Kisah
Proses Pengangkatan Syaikh Murtadha Anshari sebagai Marja
Salah satu keharusan dalam Mazhab Ahlulbait, jika salah sorang pemimpin tertinggi yang mengurusi masalah agama (al-marja’ al-‘ala ad-dini) meninggal dunia, maka harus ditentukan kembali seorang pemimpin baru yang paling pandai untuk mengurusi berbagai kepentingan kaum muslimin dan menerapkan seluruh peraturan dan hukum Islam.
Ketika Ayatullah Hajj Syaikh Muhammad Hasan Jawahari wafat, orang-orang datang kepada Syaikh Anshari ridwanallahu anhu. Mereka meminta kepadanya sebuah risalah yang berisikan cara pengamalan (hukum) agama untuk mereka ikuti. Namun Syaikh Anshari berkata kepada mereka, “Selagi masih ada Allamah Akbar Sayyid Mazandarani yang sangat pandai dan bijak, maka kalian hendaknya merujuk kepada beliau (yang tinggal) di kota Babal, di dekat kota Mazandaran. Adapun aku, tidak memiliki risalah amaliyah tersebut.”

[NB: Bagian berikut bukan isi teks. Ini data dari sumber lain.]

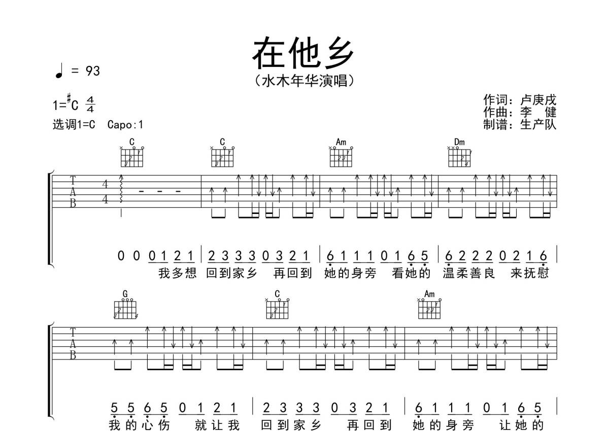 《在他乡》是水木年华演唱的一首歌曲,拍号为4/4拍,歌曲速度为每分钟93拍,歌曲原调为Db调,但由于原调指法比较难,为了方便弹奏,本吉他谱采用的是C调指法编配,变调夹1品弹奏即为原调,当然也可以根据自己的音域改变变调夹位置,或者通过改变和弦调性,以方便自己弹奏,这份吉他谱共有三张高清图谱,图谱由 @生产队 编配上传,图谱使用六线谱编配,包含吉他和弦指法、简谱以及歌词部分,使用这份在他乡吉他谱,可以让你更加方便地掌握这首歌曲的弹唱技巧,快来尝试吧。
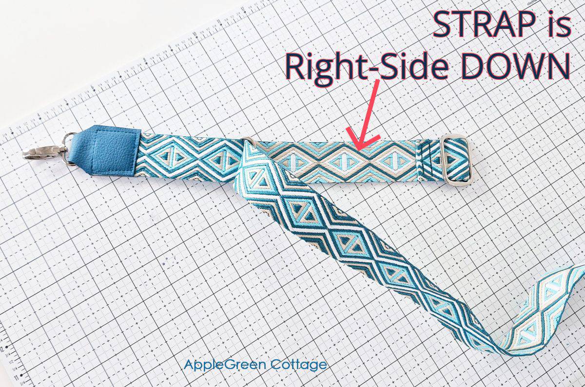 Place the long strap with the right side down. Slide the free end of the long strap through the rectangle ring on the short piece.
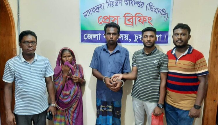 মাদকদ্রব্য নিয়ন্ত্রণ অধিদফতর জানিয়েছে, গতকাল মঙ্গলবার বিকেল সাড়ে চারটার দিকে মাদকদ্রব্য নিয়ন্ত্রণ অধিদফতর চুয়াডাঙ্গা জেলা কার্যালয়ের উপপরিদর্শক আকবর আলী সঙ্গীয় ফোর্সসহ জীবননগর উপজেলার শিয়ালমারি গোহাট এলাকায় অভিযান চালান। এ সময় ৩ লিটার চোলাই মদসহ আটক করা হয় একই উপজেলার নিধিকু- গ্রামের মৃত ইমান আলীর ছেলে কাশেমকে (৩৮)। পরে বিকেল সাড়ে ৫টার দিকে শিয়ালমারি গ্রামের শ্রী দয়াল আদিবাসীর বাড়ি অভিযান চালানো হয়। অভিযানকালে তার স্ত্রী শ্রীমতি রাধারাণীকে (৫২) আটক করা হয়। তার বসতঘর তল্লাশি করে উদ্ধার করা হয় ৫ লিটার চোলাই মদ। গতকালই মাদকদ্রব্য নিয়ন্ত্রণ আইনে মামলাসহ তাদের দুজনকে জীবননগর থানায় সোপর্দ করা হয়।
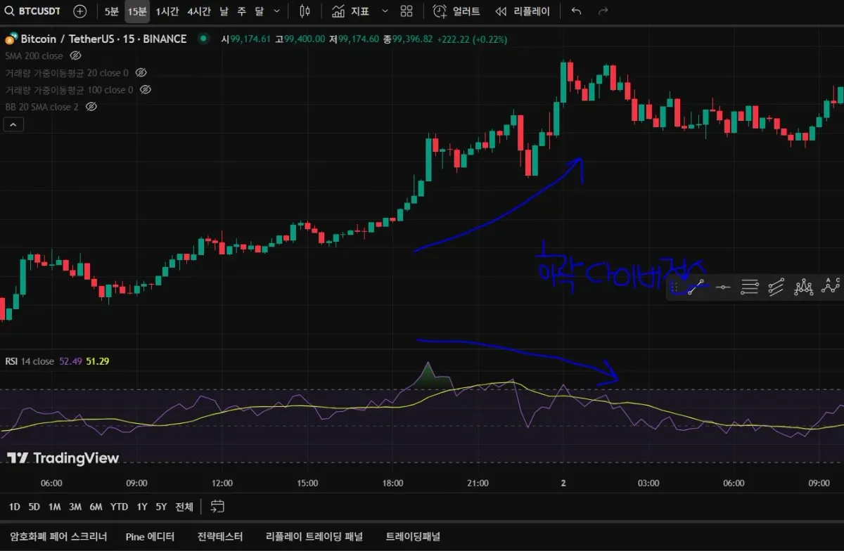 제가 못 찾는건지 하락다이버전스는 보이는데

Baca juga Perjumpaan Syaikh Murtadha Anshari dengan Imam Mahdi
Lalu Syaikh Anshari menulis sebuah surat kepada Sayyid Mazandarani meminta agar beliau segera datang datang ke Najaf untuk menerima jabatan baru sebagai pimpinan hauzah ilmiyah dan marja agama. Setelah surat itu diterima, Sayyid Mazandarani menjawab surat itu, “Benar, ketika aku berada di Najaf dan berdiskusi denganmu dalam berbagai masalah agama dan mazhab, dalam bidang fikih aku lebih kuat darimu. Akan tetapi, karena tempat tinggalku yang sangat jauh dari hauzah ilmiyah dan kota Najaf, dan aku tidak memiliki majelis-majelis untuk pengkajian dan penelitian ilmiah, maka aku menganggapmu lebih pandai dan lebih utama daripada aku untuk menjadi marja. Oleh karena itu, aku menerimamu menjadi marja agama tertinggi dalam Mazhab Ahlulbait.”
Baca juga Perjumpaan Syaikh Murtadha Anshari dengan Imam Mahdi
Begitu membaca surat itu, Syaikh Anshari berkata dalam hati, “Karena aku melihat diriku tidak layak menjadi pimpinan agama dan menjadi seorang marja, aku akan meminta pertimbangan dulu kepada Shahib Zaman Imam Mahdi as, agar beliau dapat memberikan izin kepadaku untuk berijtihad dan menempati kedudukan yang tinggi ini.”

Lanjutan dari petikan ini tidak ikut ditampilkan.